With the Cold War “over,” social engineers are scrambling for the “peace dividend”—the bonanza of cash expected to derive from a winding down of military expenditures that have been allocated to defend against the Soviet military threat. Regardless of the status of the Cold War and of the Soviet threat, and that is by no means clear, surely defense spending will decline in the next few years. The times are just that way. What shall we do with the money?

Of course, there will be no “extra” money to spend, since the federal budget has been operating at a deficit of hundreds of billions of dollars throughout the 1980’s. Our cumulative federal deficit is over $2 trillion, almost 40 percent of our annual production of goods and services, our Gross National Product (GNP). The interest payment alone on the federal debt last year was over $200 billion. This is one federal expenditure that is strangling our country. But as any social engineer worth his salt will tell you, it’s all a matter of priorities. It’s better to educate the ignorant and house the homeless than to pay off the deficit. After all, we’ve had a deficit for many years and survived, but if we don’t upgrade our “human capital” now, we are going to spend more later for social services to help or house the ignorant, the unemployed, the needy, and the criminal.
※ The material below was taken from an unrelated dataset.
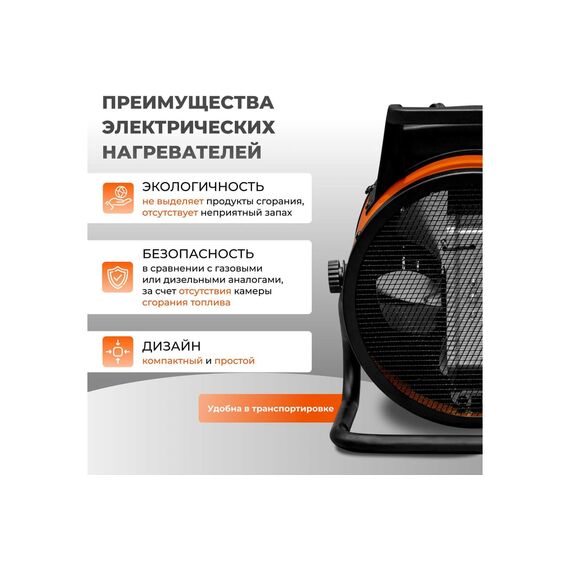 Пушка тепловая электрическая ECOTERM EHR-03/1F (ET3722-2) - идеальный выбор для бытового использования. Она работает от обычной электрической сети, что делает её доступной и экономичной. Высококачественные керамические ТЭНы обеспечивают долгий срок службы и равномерный обогрев.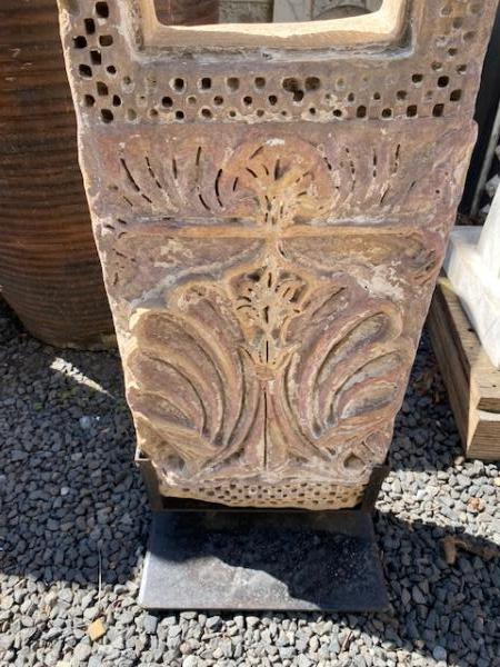 Kamenná zvonice malá-pískovec bohatě zdobená v železném podstavci 36*97*30

While our consciences are being pricked by this type of threatening rhetoric, we would be wise to review the growth of government social welfare expenditures since 1950. Total social welfare expenditures, including social insurance, public aid, education, housing, and health care, came to $23 billion in 1950, about 8.2 percent of our GNP. In 1987 government spent $834 billion, about 18.8 percent of our GNP. In other words, in 1987 we spent 36 times more on social welfare than in 1950. Of course, our population has grown, inflation has cheapened the dollar, and the economy as a whole has grown. Nonetheless, the amount of government spending on social welfare as a percentage of GNP has increased almost 2/2 times. Incidentally, U.S. military expenditure as a percentage of GNP went from 4.4 percent in 1950 to about 6 percent in 1987, with slight declines in the last several years. Soviet military expenditures in 1989 were somewhere between 16 percent and 20 percent of their GNP.

Most of the growth of government spending on social welfare has been at the federal level. In 1950 federal social spending was $10.5 billion, about 3.7 percent of GNP, while in 1987 federal spending leaped to $500 billion, about 11.3 percent of GNP. Federal spending on housing increased about 740 times, and spending on education increased 100 times. Undaunted, most social engineers would say that despite this increase in government spending, we still have a higher school dropout rate, a greater decline in educational achievement, and an increase in homelessness, drug use, teen pregnancy, violent crime, etc. They would say now, more than ever, we need to strengthen the government programs to deal with these problems.

The facts suggest a simpler conclusion, namely, that government social welfare programs have been counterproductive. They have increased over the last forty years the number of Americans with psychological, social, economic, and even physical problems who are now dependent on government. The actual beneficiaries are the growing armies of bureaucrats, social workers, and suppliers who receive the salaries, government pensions, and purchasing contracts to administer these programs.

The proposition that the growth of government has weakened the initiative and sense of social obligation of our citizenry is validated by the experience of Eastern Europeans. They have experienced the realities of governments that promise free education, free medical care, full employment, inexpensive housing and transportation, and guaranteed pensions. And yet the superiority of our democracy and free enterprise roll off our lips so easily, even as the growth of our federal government supersedes and weakens private initiative, family integrity, local schools, charities, and communities. It would be ironic indeed if we did not see the lesson of Eastern Europe and apply it to our own society. It’s time to roll back the welfare state; it may be the only long-term method to help the needy.